Вдруг Луке показалось, что за окном, по ту сторону дороги, среди терновников и скал послышался какой-то новый звук, но такой легкий, такой нежный, что молодой человек не мог определить его происхождение. Был ли это трепет птичьего крыла или шорох проползающего меж листьев насекомого? Он устремил взор в ночь, но не увидел ничего, кроме зыбкого, уходящего вдаль беспредельного мрака. Должно быть, он ошибся. Но звук повторился уже ближе. Заинтересованный, охваченный удивившим его самого волнением, Лука старался проникнуть взглядом сквозь мрак; в конце концов он различил чей-то смутный силуэт, хрупкий и легкий, скользивший, казалось, по верхушкам трав. Лука не мог объяснить себе природу этого явления и готов был счесть его простой иллюзией, но внезапно загадочная тень, оказавшаяся какой-то женщиной, метнулась с легкостью дикой козы через дорогу и бросила ему маленький букет, при этом так ловко, что букетик попал Луке прямо в лицо. То был маленький пучок горных гвоздик, сорванных между скал; от них шел такой сильный аромат, что руки и одежда Луки сразу пропахли гвоздиками.

Жозина! То была Жозина! Он узнал ее по этой ласке, по новому выражению благодарности, по пленительному жесту, исполненному бесконечной признательности.

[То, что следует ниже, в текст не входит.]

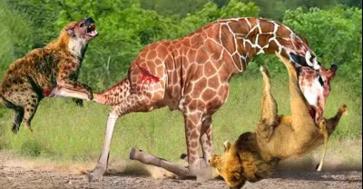 母性本能!長頸鹿媽媽為了拯救她的小牛,打敗並摧毀了獅子和鬣狗
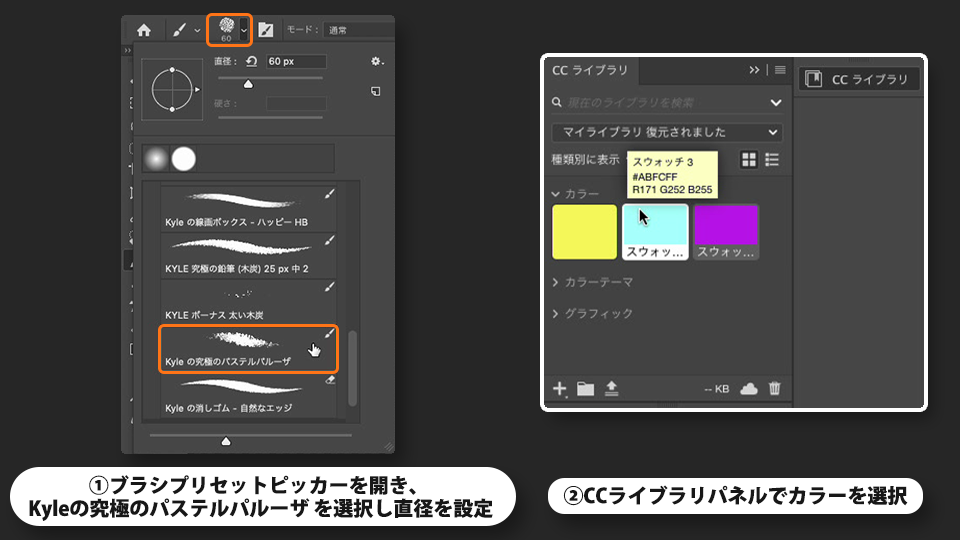 ブラシプリセットピッカーを開き、「Kyle の究極のパステルパルーザ」を選択し、直径とカラーを以下のように設定します。
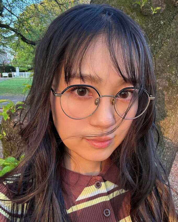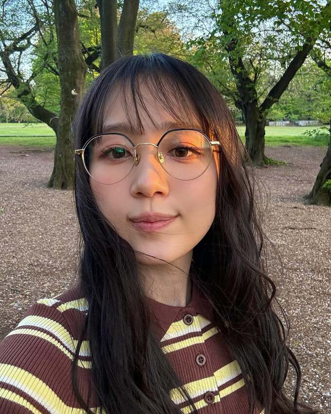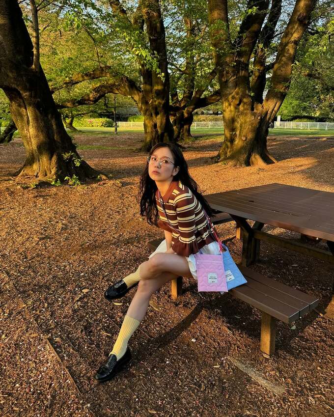 投稿された写真には、茶色と黄色、白のストライブ柄の襟付きシャツに白のプリーツが入ったバルーンスカート姿で、眼鏡をかけた西野さんが公園を散策する様子が写っています。
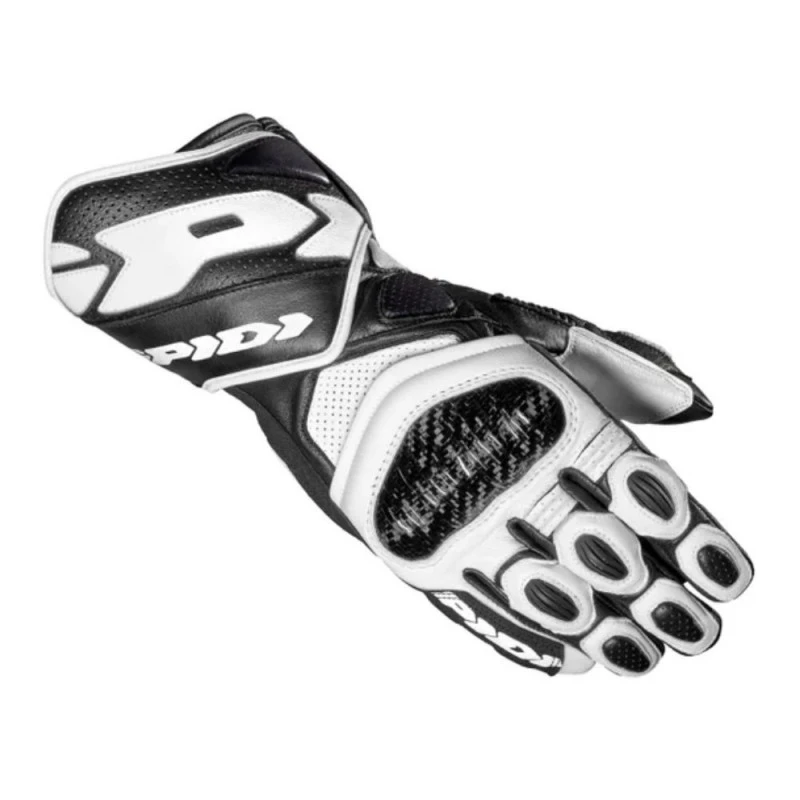 Guantes SPIDI Carbo 7 negro / blanco. Los SPIDI Carbo 7 son la última versión de los guantes de competición de la serie Carbo, de alta tecnología, en los que confían los pilotos profesionales de más alto nivel del deporte del motor en todo el mundo gracias a su certificación CE de Nivel 1 EN 13594:2015 KP. Cada guante está confeccionado en cuero de cabra de 0,6 mm a 0,8 mm, muy apreciado por su ligereza y su extrema resistencia a la abrasión y a los desgarros. Su protección de fibra de carbono se coloca sobre ambos nudillos, y los guantes tienen un acolchado de alta densidad en la palma, el dorso de la mano y el costado de la mano.

Это было очаровательное свидание — з темноте, в столь поздний час; Лука даже не знал, как попала сюда Жозина, ждала ли она его возвращения. Как удалось ей скрыться из дому? Быть может, она воспользовалась тем, что Рагю в ночной смене? И, едва показавшись, не проронив ни слова, точно отдав себя Луке вместе с этими, так мило брошенными ему цветами с их чуть-чуть терпким ароматом, она скрылась, затерялась во мраке заброшенных полей; и только тогда Лука заметил другую, совсем маленькую тень: верно, то был Нанэ, бежавший рядом с Жозиной. Они исчезли. Только молоты «Бездны» мерно стучали вдали. Душевная мука по-прежнему терзала Луку, но на сердце у него стало теплее, и оно забилось с неодолимой силой. Он с наслаждением вдохнул в себя аромат гвоздик. О доброта, братски связующая людей! О нежность, которая одна только дает им счастье! О любовь, которая спасает и преобразует мир!